Activity :: Would you output the entries below only from the line containing "5. 图 5-5-3 是自然界中水循环的示意图。请你填写下列自然界中水的物态变化。" through the line containing "Plakat Kwiatowa Melodia", exactly as they stand and with both ends included?

Data ::
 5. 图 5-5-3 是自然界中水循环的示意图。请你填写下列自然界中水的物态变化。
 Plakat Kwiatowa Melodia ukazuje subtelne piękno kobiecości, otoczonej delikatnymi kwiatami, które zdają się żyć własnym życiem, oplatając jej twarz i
...
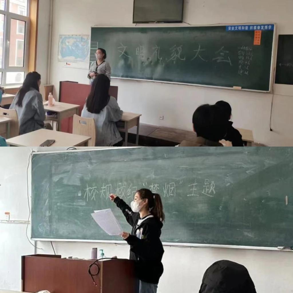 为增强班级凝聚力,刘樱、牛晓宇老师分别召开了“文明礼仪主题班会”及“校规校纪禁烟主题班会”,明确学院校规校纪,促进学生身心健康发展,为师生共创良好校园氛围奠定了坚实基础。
...
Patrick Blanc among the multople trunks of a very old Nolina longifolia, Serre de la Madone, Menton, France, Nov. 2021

Solution for this exercise ::
 5. 图 5-5-3 是自然界中水循环的示意图。请你填写下列自然界中水的物态变化。
 Plakat Kwiatowa Melodia ukazuje subtelne piękno kobiecości, otoczonej delikatnymi kwiatami, które zdają się żyć własnym życiem, oplatając jej twarz i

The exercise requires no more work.